The input START

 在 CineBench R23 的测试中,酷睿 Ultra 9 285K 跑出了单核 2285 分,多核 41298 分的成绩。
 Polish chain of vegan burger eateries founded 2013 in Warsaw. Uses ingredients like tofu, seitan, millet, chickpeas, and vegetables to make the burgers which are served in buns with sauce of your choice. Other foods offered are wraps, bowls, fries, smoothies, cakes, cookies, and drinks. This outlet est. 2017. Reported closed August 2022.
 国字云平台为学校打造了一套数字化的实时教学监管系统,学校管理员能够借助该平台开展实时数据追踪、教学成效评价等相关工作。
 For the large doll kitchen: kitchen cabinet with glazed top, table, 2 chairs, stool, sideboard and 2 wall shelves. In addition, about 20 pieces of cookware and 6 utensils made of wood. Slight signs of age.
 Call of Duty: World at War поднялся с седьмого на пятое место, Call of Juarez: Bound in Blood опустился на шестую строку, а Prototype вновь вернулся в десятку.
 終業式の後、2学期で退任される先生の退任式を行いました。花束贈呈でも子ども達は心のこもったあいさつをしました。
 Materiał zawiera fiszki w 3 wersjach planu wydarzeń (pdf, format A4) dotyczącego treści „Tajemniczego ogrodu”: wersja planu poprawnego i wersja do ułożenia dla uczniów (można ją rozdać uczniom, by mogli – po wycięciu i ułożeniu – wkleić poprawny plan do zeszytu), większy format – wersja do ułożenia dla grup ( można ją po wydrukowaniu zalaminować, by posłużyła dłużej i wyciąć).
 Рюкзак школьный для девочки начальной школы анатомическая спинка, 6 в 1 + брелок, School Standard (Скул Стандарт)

The input END

### Work to be completed
Using the listing above, print every entry verbatim.

### Written answer
 在 CineBench R23 的测试中,酷睿 Ultra 9 285K 跑出了单核 2285 分,多核 41298 分的成绩。
 Polish chain of vegan burger eateries founded 2013 in Warsaw. Uses ingredients like tofu, seitan, millet, chickpeas, and vegetables to make the burgers which are served in buns with sauce of your choice. Other foods offered are wraps, bowls, fries, smoothies, cakes, cookies, and drinks. This outlet est. 2017. Reported closed August 2022.
 国字云平台为学校打造了一套数字化的实时教学监管系统,学校管理员能够借助该平台开展实时数据追踪、教学成效评价等相关工作。
 For the large doll kitchen: kitchen cabinet with glazed top, table, 2 chairs, stool, sideboard and 2 wall shelves. In addition, about 20 pieces of cookware and 6 utensils made of wood. Slight signs of age.
 Call of Duty: World at War поднялся с седьмого на пятое место, Call of Juarez: Bound in Blood опустился на шестую строку, а Prototype вновь вернулся в десятку.
 終業式の後、2学期で退任される先生の退任式を行いました。花束贈呈でも子ども達は心のこもったあいさつをしました。
 Materiał zawiera fiszki w 3 wersjach planu wydarzeń (pdf, format A4) dotyczącego treści „Tajemniczego ogrodu”: wersja planu poprawnego i wersja do ułożenia dla uczniów (można ją rozdać uczniom, by mogli – po wycięciu i ułożeniu – wkleić poprawny plan do zeszytu), większy format – wersja do ułożenia dla grup ( można ją po wydrukowaniu zalaminować, by posłużyła dłużej i wyciąć).
 Рюкзак школьный для девочки начальной школы анатомическая спинка, 6 в 1 + брелок, School Standard (Скул Стандарт)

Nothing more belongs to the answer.